1. **Aggregate URLs** from BATCH 1a (changed pages) and BATCH 2a (new AI articles)
2. **Submit to IndexNow** - Instant notification to Bing, Yandex, and other IndexNow-compatible engines
3. **Resubmit sitemap to Google Search Console** - Signals Google to re-crawl the sitemap

### URL Sources

| Source                       | URLs Submitted                                           |
| ---------------------------- | -------------------------------------------------------- |
| Job 1a (update\_ai\_site)    | `changed_urls` - new + changed pages from detect-changes |
| Job 3 (create\_ai\_articles) | New AI article slugs (e.g., `/{slug}/`)                  |

### APIs Called

```python theme={null}
# IndexNow - one call per business
POST /api/cron/submit-indexnow
{
  "urls": ["/about-us/", "/new-ai-article/", ...],
  "source_url": "https://customer-domain.com"
}

# Google Search Console - one call per business
POST /api/domain/resubmit-sitemap/{org_id}
```

<Note>
  **Why BATCH 3 is separate**: Search engines should only be notified AFTER
  content is deployed. If we submitted URLs before deployment, crawlers might
  hit 404s or stale content.
</Note>

***

## All Endpoints

| Endpoint                              | Method | Description                                                  |
| ------------------------------------- | ------ | ------------------------------------------------------------ |
| `/api/cron/entities`                  | GET    | Fetch all businesses/products to process                     |
| `/api/cron/detect-changes`            | POST   | Detect content changes using Mapper + Hashing + Batch Scrape |
| `/api/cron/update-ai-site`            | POST   | Update AI website with changes                               |
| `/api/cron/discover-products`         | POST   | Discover NEW products from Shopify (hash-based detection)    |
| `/api/cron/generate-product-prompts`  | POST   | Generate visibility prompts for products                     |
| `/api/cron/generate-product-llms-txt` | POST   | Generate product llms.txt files                              |
| `/api/cron/update-all-timestamps`     | POST   | Refresh timestamps on all AI website pages                   |
| `/api/cron/ai-articles-quota`         | GET    | Calculate today's AI articles quota                          |
| `/api/cron/create-ai-article`         | POST   | Generate AI article content (no deploy)                      |
| `/api/cron/deploy-to-vercel`          | POST   | Deploy all files to Vercel (single deployment)               |
| `/api/cron/submit-indexnow`           | POST   | Notify search engines of new URLs                            |
| `/api/cron/sample-prompts`            | GET    | Randomly sample prompts for visibility check                 |
| `/api/cron/analyze-visibility`        | POST   | Check visibility across 8 AI platforms                       |
| `/api/cron/store-visibility-report`   | POST   | Store daily visibility report                                |
| `/api/cron/store-visibility-score`    | POST   | Calculate and store visibility score                         |

<Warning>
  **Deprecated**: `/api/cron/discover-products-from-changes` is deprecated.
  Use `/api/cron/discover-products` instead (decoupled, hash-based detection).
</Warning>

<Note>
  Looking for prompt regeneration?
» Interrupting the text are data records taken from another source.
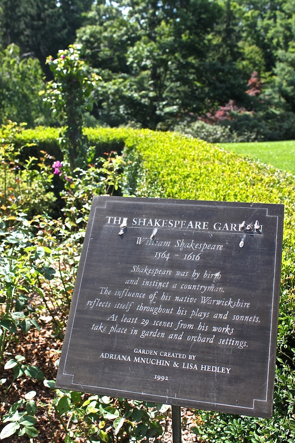 Una donación especial de Henry C. Folger, fundador de la biblioteca Folger Shakespeare Library en Washington, D.C., permitió la construcción del Shakespeare Garden original en 1925. Desde que se trasladó a un lugar diferente en el botánico, este jardín de campo inglés nos muestra a más de 80 plantas de las que William Shakespeare habla en sus poemas y obras. Las etiquetas de las plantas tienen el nombre que Shakespeare les asignó, su nombre binomial, anotaciones, y en algunos casos una representación gráfica de la planta.
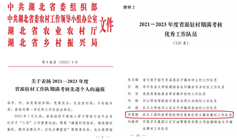 近日省委组织部、省委农村工作领导小组、省农业农村厅、省乡村振兴局联合下发鄂乡振发20239号文件表扬68名优秀驻村第一书记工作队长和120名优秀工作队员。英国beat365官方网站定点帮扶神农架林区阳日镇双建村...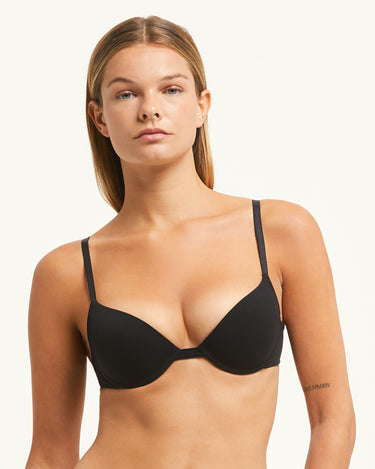 Sujetador push-up de microfibra elaborado con tecnología sin costuras. Gracias a su forma ergonómica levanta y sostiene los senos de forma natural. Cuenta con tirantes ajustables y copas ligeramente acolchadas. Ideal para redondear el pecho creando un efecto volumen ligero.

See [Regenerate
  Prompts](/api-reference/endpoint/manual-trigger/regenerate-prompts) in the
  Manual Trigger section.
</Note>

***

## Manual Trigger

Run all cron jobs immediately for testing or recovery:

```bash theme={null}
curl -X POST https://searchcompany-main.up.railway.app/api/cron/trigger-all
```

⚠️ **Warning**: This can take up to 10 minutes depending on customer count.